The name of the new entertainment complex under construction in Jerusalem’s Abu Tor neighborhood is the Yes Planet Sherover Cultural Center, and the answer to the burning question in many Jerusalemites’ minds is also a resounding “Yes” – the movie theaters in this complex will be open on Shabbat.
Jerusalem Mayor Nir Barkat confirmed this at a lavish press conference – complete with champagne and hors d’oeuvres – held on Tuesday at the site that will become a 16-screen movie, entertainment and restaurant complex by June 2015.
“It is a private venture,” said Barkat. “And it will be open and will operate within the status quo.” He pointed out that this is not a departure from the current state of affairs, noting, “Movie theaters are open on Shabbat in Jerusalem and will continue to operate on Shabbat... the movie theaters [in this complex] will be open on Shabbat.”
In contrast, the recently-opened Cinema City movie complex near the Supreme Court will remain closed on Shabbat. The 19-screen, eight-floor facility is built on public land leased from the Finance Ministry, and the Supreme Court ruled in March in response to an appeal by its owners that Cinema City must close on Friday night and Saturday. The owners of Cinema City have said that once the Yes Planet Sherover Cultural Center opens it will represent unfair competition.
At the open-air press reception on Tuesday, Barkat noted another factor that will be an advantage for Yes Planet: the incredible beauty of the view east from Abu Tor, where the theaters will be situated on a hilltop on Naomi Street.
“Looking at the view and the amazing location of this new complex reminds me that there are some things money can’t buy, and this is one of them,” he said, raising his hand to indicate the rolling hills of Jerusalem and the Judean desert.
He spoke enthusiastically of the many new cultural and commercial projects planned for Jerusalem, and said that cooperation between the public and private sectors in Jerusalem would eventually revitalize the city.
“This NIS 150 million investment by Yes Planet will add value to the city,” he said.
Muki Gredinger, the CEO of Yes Planet, said that the complex would feature 16 screens, among them an IMAX theater, as well as auditoriums that use DX4 technology, which is intended to make the viewer feel that he is right up on the screen with the actors.
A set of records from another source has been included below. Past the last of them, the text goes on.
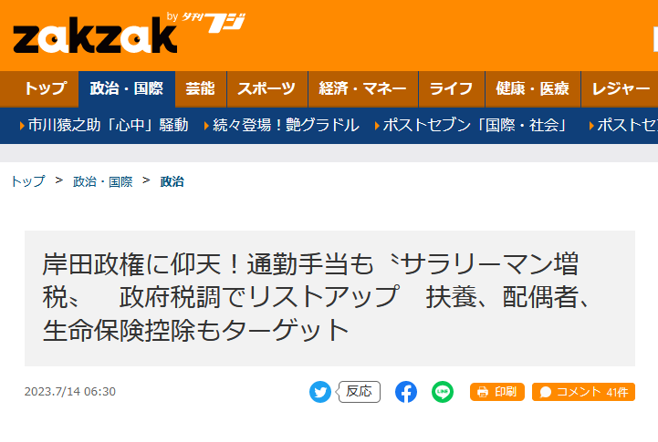 星野氏は「給与所得控除の見直しはサラリーマンをはじめ幅広い層に影響が及ぶ。非課税所得である社宅の貸与や通勤手当などが課税対象になれば企業の福利厚生戦略だけでなく、少子化に拍車をかけかねない」と話す。https://www.zakzak.co.jp/article/20230714-FDE4BDZX3VJGVEAO3577PEX3MU/2/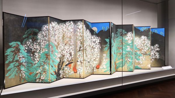 横山大観 《夜桜》 6曲1双 昭和4年(1929) 大倉集古館蔵 前期展示 ※《夜桜》の展示は5月18日で終了しました。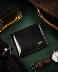 Skórzany portfel męski czarny składany — Peterson 380-P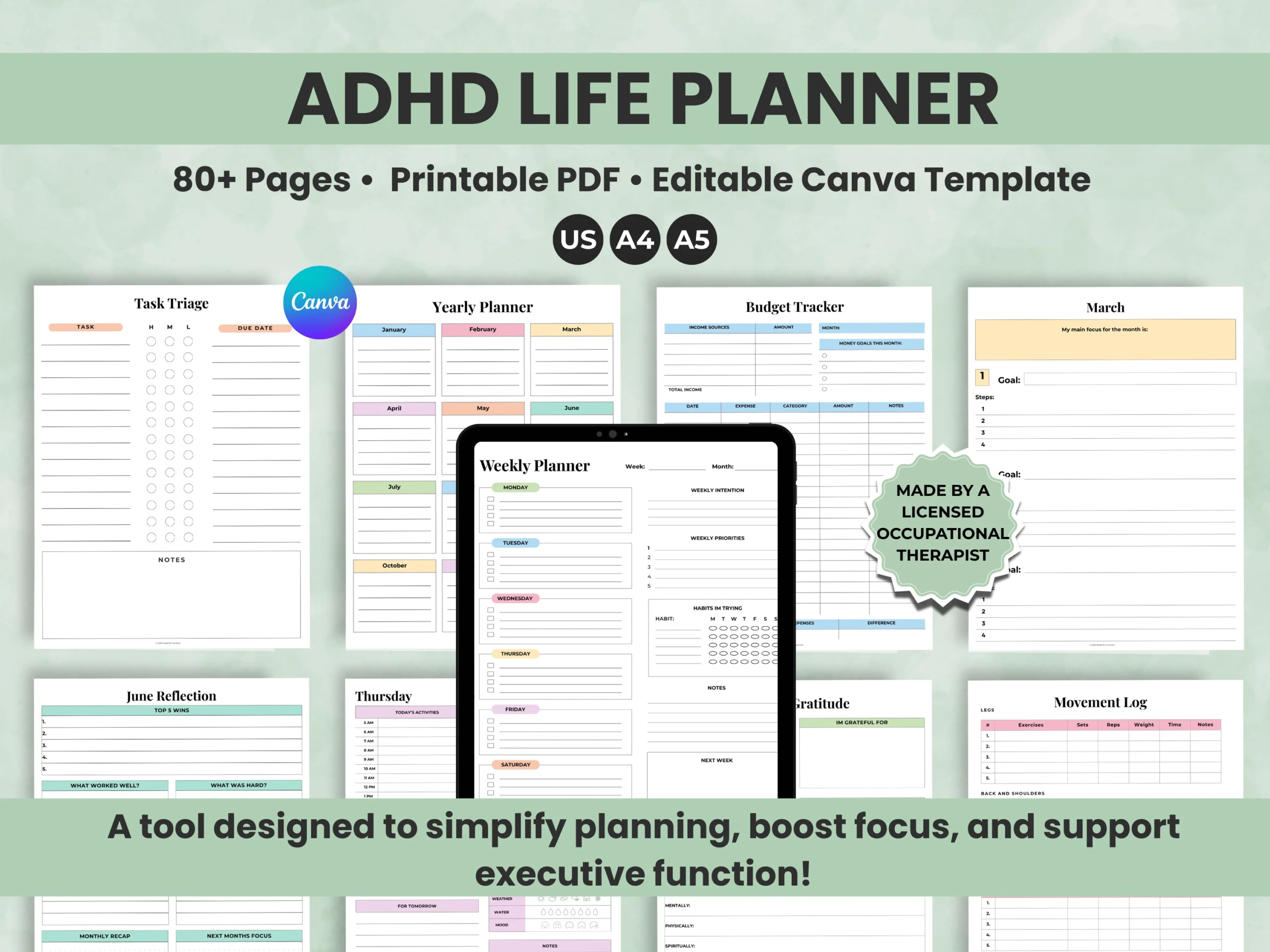 ADHD Life Planner Printable PDF & Canva Template — created by a licensed occupational therapist to make daily planning, routines, and organization ADHD-friendly.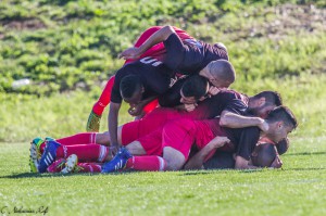 שחקני מרמורק חוגגים. ( צילום:רפי נחמיאס)

Gredinger said that this would be the second IMAX theater in Israel.
The complex will also feature many other attractions, including stores and restaurants, some of which will be kosher and will be closed on Shabbat, according to Uzi Wexler, chairman of the Sherover Foundation.
Wexler said that the complex would become a new cultural center that would cover its own costs and would not need to rely on donations.
The crowd of reporters, many of whom were bussed in from Tel Aviv for the event, were shown short films about DX4 technology and also about IMAX, where prominent directors such as Michael Bay, Alfonso Cuaron and Zack Snyder extolled the virtues of IMAX technology.
“It takes your movie and puts it on steroids,” said Snyder, as snippets of car chases and space walks were shown, which were a bit incongruous alongside the gorgeous view and soundtrack of chirping birds.
Gredinger outlined the history of Yes Planet and its parent company, Cinema City International (not to be confused with Cinema City, the other Israeli chain), at length, from its beginning in 1930 when it opened the Ein Dor Cinema in Haifa, to the present, when it operates 966 screens in Israel and its recent merger with Cineworld in England has made it the second- largest film exhibitor in Europe.
While this corporate history may hold interest for businesspeople, for Jerusalem movie-lovers the 16 additional screens will be the main event, and will be worth waiting a year for.